The talks never advanced because the committee and the Alliance seem to agree that the neighborhood’s current layout makes the plan’s basic idea unfeasible.

“The East Village is too much of a mixed-use district, in that it densely combines the commercial and residential elements,” said Rob Bookman, the Alliance’s counsel and a former head of the New York Nightlife Association. “I’ve been dealing with these types of discussions for 30 years now, and it’s just not realistic for that neighborhood.”

Bookman added that this kind of rezoning scheme requires a lot of municipal planning before any proposal can even been made.

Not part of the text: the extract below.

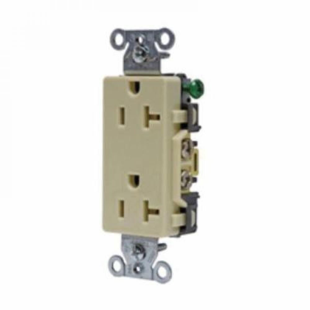 Wiring Device-Kellems StyleLine® DR20I Decorator Duplex Standard Straight Blade Receptacle, 125 VAC, 20 A, 2 Poles, 3 Wires, Ivory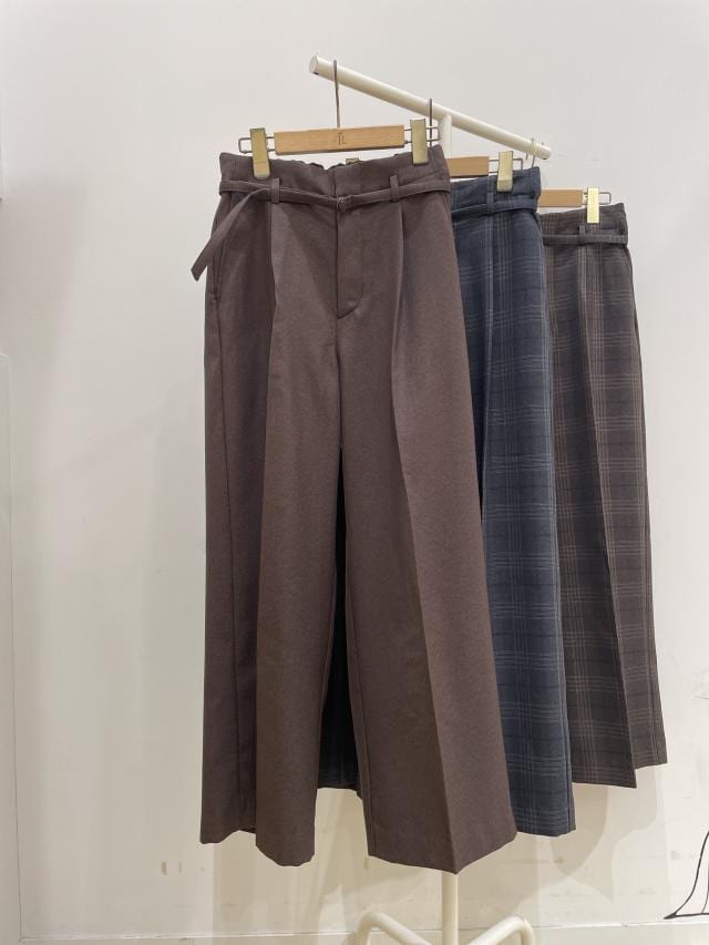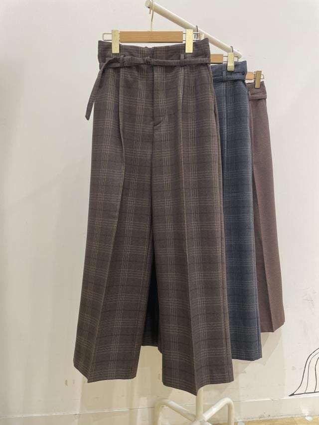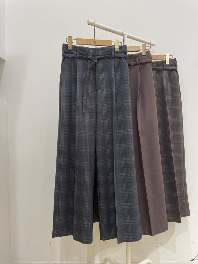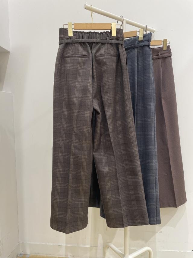 裏起毛無地&チェックアソートワイドパンツ/防シワ

In short, he said, it would be impossible to retroactively create a nightlife district in an area that has been mixed-use for many years.

Susan Stetzer, C.B. 3 district manager, who had previously spoken in support of the plan, declined to comment on where the discussion stands now.

Despite the situation’s seeming futility, Bookman maintained that the Alliance hasn’t shut the door.

“We want to be a part of every conversation, and we responded because the community board reached out to us,” he said. “As long as they want to talk about it, we’re willing to talk.”

Ropiak assured that his committee would continue exploring alternate ways to provide some degree of relief to East Villagers fed up with the  recent influx of bars and nightclubs, many of which are populated by 20-something revelers who noisily flock there from throughout the city and often leave trash and vomit in their wake.

With that conflict in mind, Bookman said, community leaders may find the solutions they seek by working toward a different goal: commercial rent control.

“I think the community activists are just frustrated with the concept of free-market real estate,” he said. “Right now, there’s nothing preventing a landlord from doubling or tripling their rent when the land gets hot, and that’s why you see these big establishments coming in to replace the smaller stores that can afford it.”

However, past efforts to enact commercial rent control in New York City have failed.